# Damper open or closed



## bishgeo

Ok let's  hear it. Stack damper open or closed usually run mine wide open just close it to keep rain out. The big rigs like Jambo have dampers inside stack and it appears they use them.


----------



## bluewhisper

For most rigs, run it wide open - which is the opposite of what I've always done with the Webers, where I choke with the top vent instead of the bottom vents.

The one exception I've heard is to close the stack vent for a moment to trap air/heat in the cooking chamber while the firebox hatch is open for tending the fire.

Edited to add, close the stack vent when not in use, before rain and critters get in.


----------



## hickorybutt

An open exhaust/stack = a healthy fire.

You don't ever want to restrict air flow on your stack, at least with offset smokers.  The stack draws air into the firebox and then brings hot air through the cooking chamber.  Without air flow, your fire will start to smolder instead of burning cleanly and will put off nasty smoke.
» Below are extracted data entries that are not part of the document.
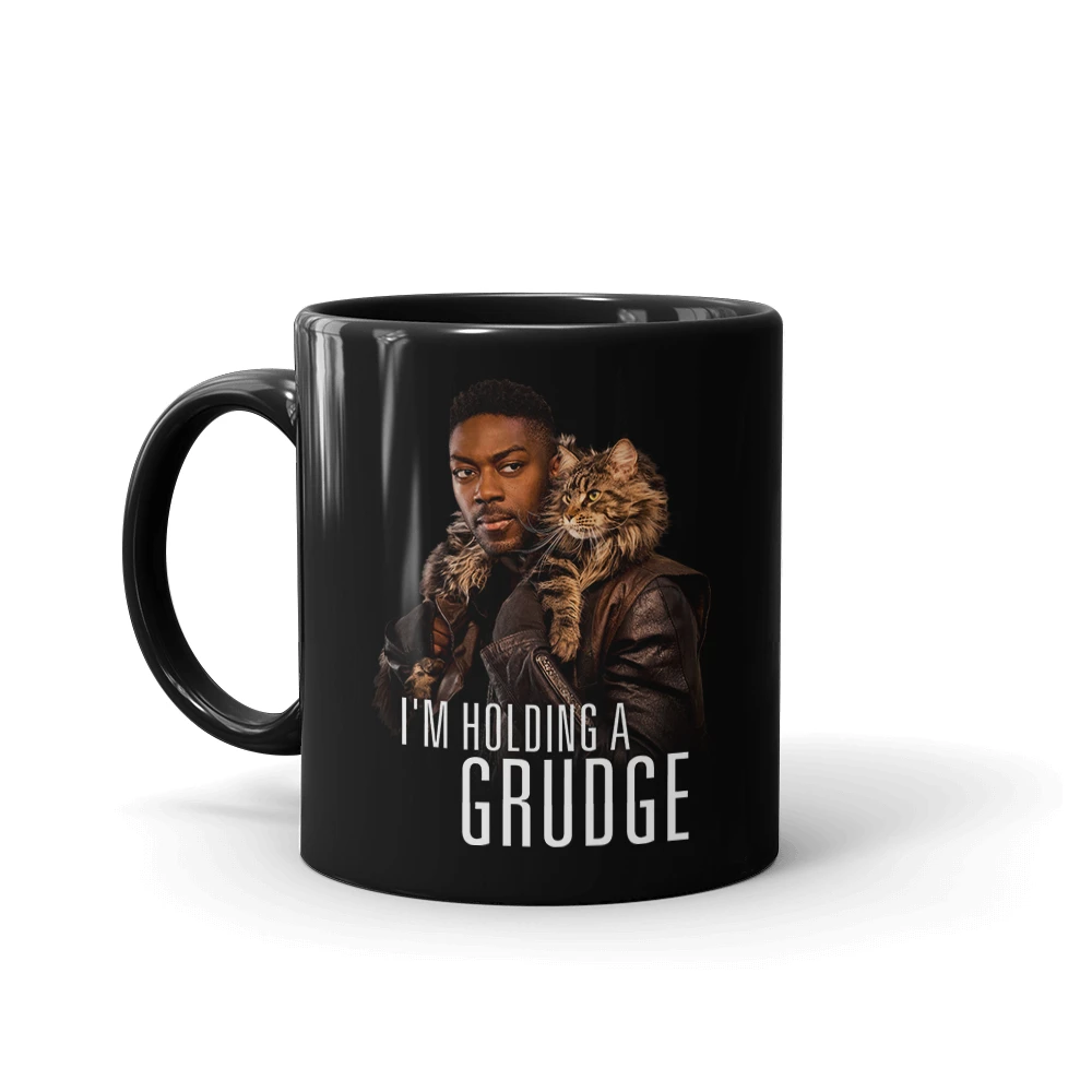 Is there anything better than starting your day with a Grudge? Featuring Grudge the cat on Booker’s shoulders, this Star Trek: Discovery Holding A Grudge Black Mug is an adorable way to enjoy your morning coffee or evening tea.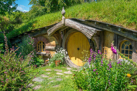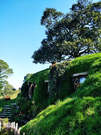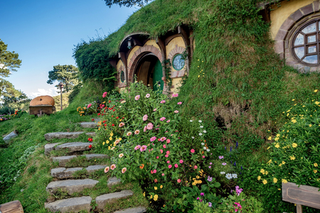 MATAMATA, NEW ZEALAND - AUGUST 2017: A house in Hobbiton movie set featured in Lord of the Rings and Hobbit movies on August 27, 2017 in Matamata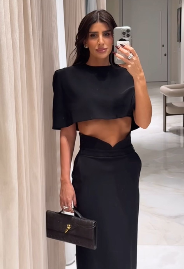 בחצאית מידי צמודה לגוף עם דיטייל ייחודי במותן ובשילוב טופ דמוי שכמיה עם כתפיים מודגשות, עינב בובליל התכוננה ליציאה עם חברות ולבשה לוק בעיצובה של חברתה הקרובה. אזור הבטן נשאר חשוף, מה שהדגיש את אזור כלוב הצלעות ויצר מראה סקסי ומלא בטחון. אין מה לומר, זה לוק שתפור עליה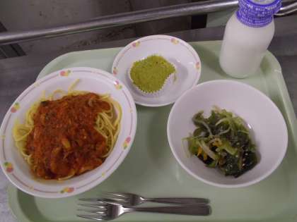 今日のデザートは明日葉の粉を使った「明日葉チーズケーキ」です。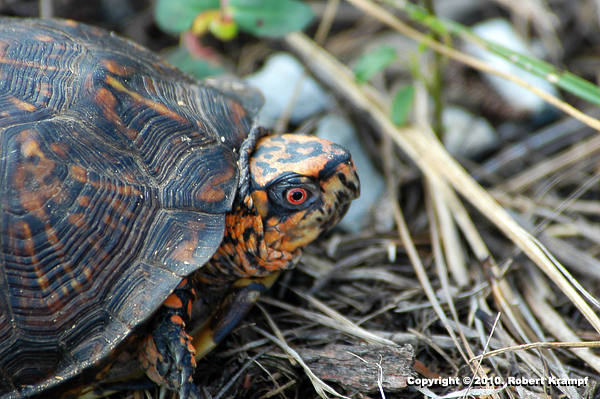 This turtle is a male. While the shape of the shell is an excellent indicator of the sex of an Eastern Box Turtle, their eyes are another way to tell males from females. Males have eyes that are red or bright orange, while females have eyes that are light brown or light orange.
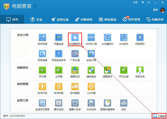第一步:打开电脑管家——点击工具箱——点击浏览器保护

And then that smoke will stagnate in your cooking chamber and deposits creosote on your meat.

I say let the stack stay wide open at all times while you've got a fire going.  

My pit was custom built by a local welder and used to have a tiny little stack - and I always has trouble keeping a steady fire and never could get my temps above 250.  I had a larger stack added and it did wonders.  So let that air flow.

You can control temperature by your firebox  inlet dampers and also the size of your fire.


----------



## venture

Without getting into the science which I don't pretend to fully understand?

I believe a smoker needs air flow just as the fire needs oxygen.

I leave my exhaust open and control the heat on my offset with the size of the fire and the inlet dampers on the firebox.

Good luck and good smoking.


----------